Владимир Войнович. Фото: pechorin.net
К 90-летию со дня рождения писателя
К этому юбилею он, вероятно, пополнил бы собрание своих сочинений замечательными «небылицами», вновь блеснув небывалым художественным сочетанием бывалых впечатлений. В его многотрудной жизни случались самые разные события и встречи, на основе которых он создавал необычные сюжеты и персонажи. Увы, четыре года назад Владимир Войнович скончался, полный новых творческих замыслов.
«Хроника себя»
Такой ироничный подзаголовок писатель дал мемуарам «Автопортрет». И первые главы он посвятил родословной семьи. Родился 26 сентября 1932 г. в Сталинабаде (Душанбе) в семье Николая Войновича, журналиста с пятью классами реального училища, ответсекретаря республиканской газеты «Коммунист Таджикистана» и редактора областной газеты. Отец происходил из знатного сербского рода. Дед по отцу был скромным железнодорожным служащим, а бабушка — народной учительницей. Владимира мама, Ревекка Колмановна Гойхман, — уроженка местечка Хащеватое Херсонской губернии, где ее отец до революции владел мельницами, в 1930-е гг. трудилась там же, где муж. Ее мать, Эня Вольфовна, была малограмотна, зато бойко говорила на идише, русском, украинском и польском. «Между собой с мамой — по-еврейски, а я этого языка совершенно не понимал… Только помню, что бабушка говорила мне: «Мишигенер пунем».

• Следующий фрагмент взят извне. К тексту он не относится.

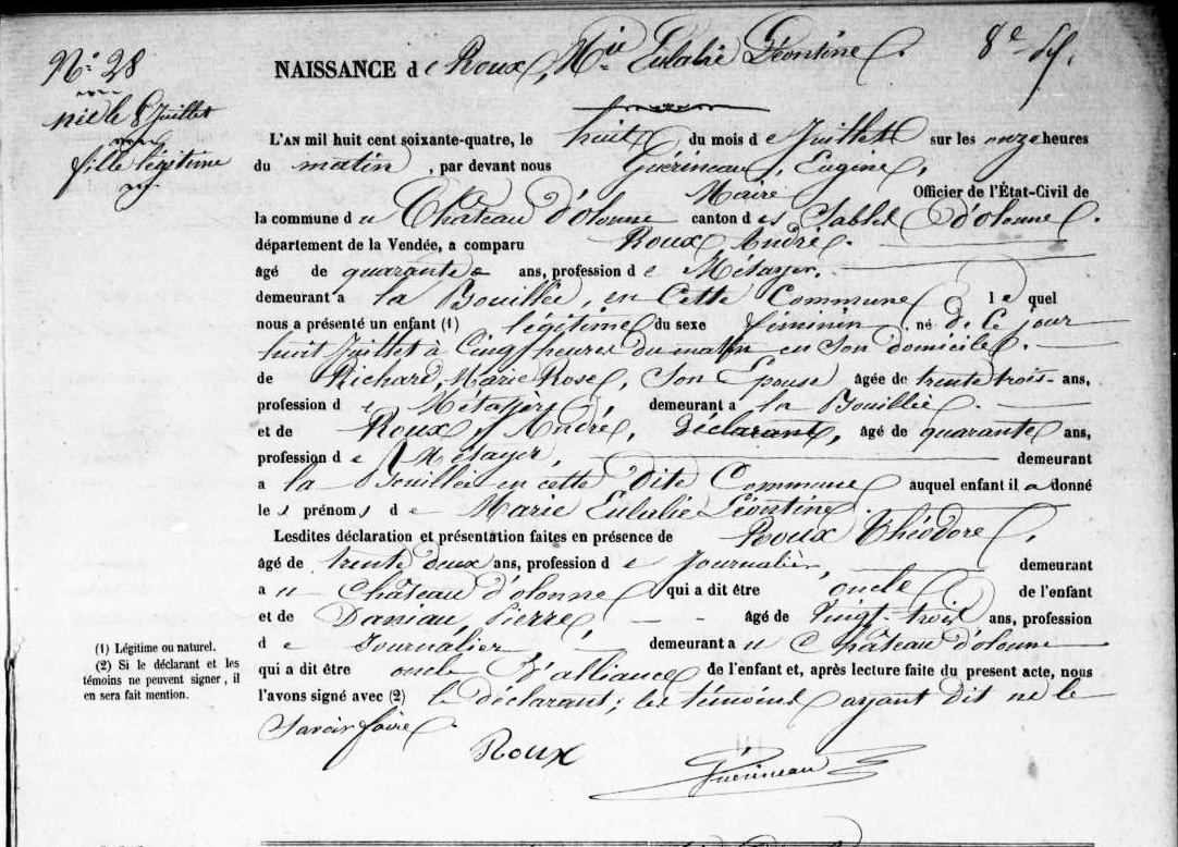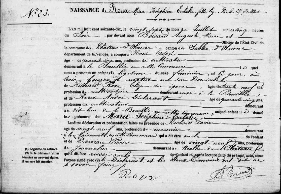 Naissance : 26 janvier 1875 à Château-d'Olonne 85180 au bourg

Судьба родителей Владимира сложилась драматически. Отец летом 1936-го усомнился в том, что коммунизм в отдельно взятой стране может быть построен, и был осужден на пять лет лагерей «за антисоветскую агитацию». Перед войной его освободили, на фронте он был тяжело ранен и стал инвалидом. Восстановиться в партии не захотел, после войны работал в многотиражках на невысоких должностях за мизерную зарплату. Сын позже вспоминал: «До ареста папа был веселым и компанейским, а после выхода на свободу стал нелюдимым и замкнутым. По взглядам он был идеалист, по склонности души проповедник, по характеру скромник, а по образу жизни аскет… И меня с младенчества пытался склонить к спартанскому образу жизни… Он остался идеалистом. Я вырос скептиком». Мать Володи после войны с отличием окончила пединститут и преподавала математику в вечерней школе. В период «борьбы с космополитами» ее уволили с работы, обвинив в получении взятки — подарка выпускников. Раннее детство Вова провел в Ходженте (Ленинабаде). А в 1941-м, спасаясь от нового ареста, отец перевез семью в Запорожье, где жила его сестра Анна. Здесь их застала война, и родные под бомбежками спасались эшелоном до Ставрополья, где их встречали жители: «Шо, жиды, тикаете?». Мальчик пошел во второй класс школы, которая находилась в семи километрах. Из-за наступления немцев им вскоре пришлось эвакуироваться в Куйбышевскую область. Будущий писатель столкнулся с суровыми трудностями и бытовым «идиотизмом» сельской жизни. В 1944-м семья переехала на Вологодщину, где брат матери Владимир Гойхман был председателем колхоза.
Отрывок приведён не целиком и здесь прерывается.